Benefits of Mobile Payments
Convenience – In this digital age, consumers are clinging tighter to their digital devices and less to physical wallets. Consumers no longer have to worry if they forget their wallet as their payment method is stored directly on their smartphone or other digital device. It is very convenient for a consumer to avoid fumbling around for spare change, and instead have the exact amount prepared with a touch of their fingertips and a swipe of a barcode. Using Mobile Payments for parking or at a vending machine are a couple of examples.
Security – Mobile Payments provide an extra layer of security in regard to the traditional credit card. It is tougher for hackers to obtain personal credit card information from mobile wallets and apps since they typically utilize encryption and security codes. In addition, if a physical card is stolen or lost, it is easy to replicate or record the personal credit card information, whereas a smartphone typically has a password or touch ID in order to access secure information.
Rewards – When using mobile apps to make a purchase, such as the Starbucks app, there are typically options for rewards.

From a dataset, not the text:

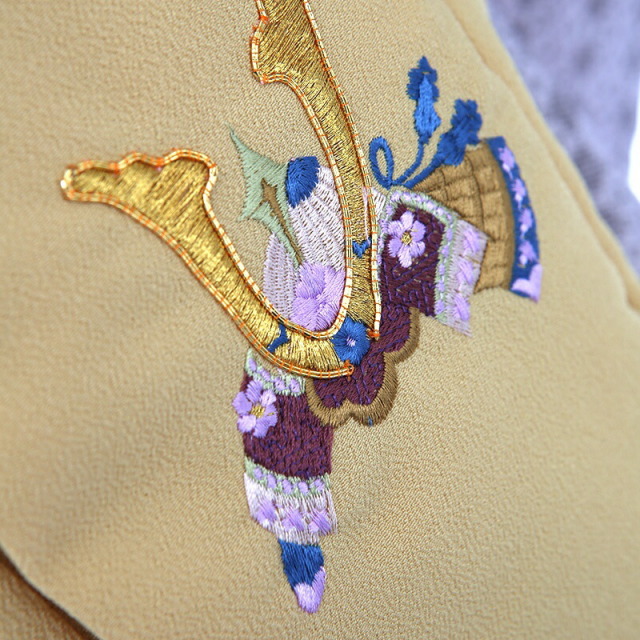 優しく控えめな印象に仕上がってるこちらの装い。色味は大人っぽいイメージで、そこに描かれる文様は古くから伝わるおめでたい吉祥文様です。被布の淡い黄色は「淡黄(たんこう)」。平安時代の重ねの表地の色としても用いられていました。純粋な黄色よりも優しいイメージの色です。「兜」は、戦で頭を守る為に使用されてきた道具です。大切な頭を守るということから、災いから守り、長い人生で健康でありますようにというお守りの意味があります。また格が高い位でないと着用できないものなので、出世や大成の願いも込められます。「打出の小槌」は一生物に困らないように、お金に困らないようにという意味があります。着物地にも文様が描かれてモダンな雰囲気。お洒落さもありながら、しっかりと大切な想いは着物に託せる、そんな一着に仕上がりました。

Most rewards provide incentives, such as purchasing a new item on the menu to earn extra points, and then points are used for a free item or extra percentages off of the next purchase.
According to research conducted by Reuters, in the year 2021, global mobile point-of-sale revenue is expected to reach nearly $50 billion (from just $6.6 billion in 2016). Due to the drastic increase in Mobile Payment usage, it is clear that the new way to pay is mobile. With the convenience and ease of holding your smartphone over the point-of-sale terminal to pay, it is clear to see why consumers are gravitating towards Mobile Payments instead of more traditional ways to make a payment.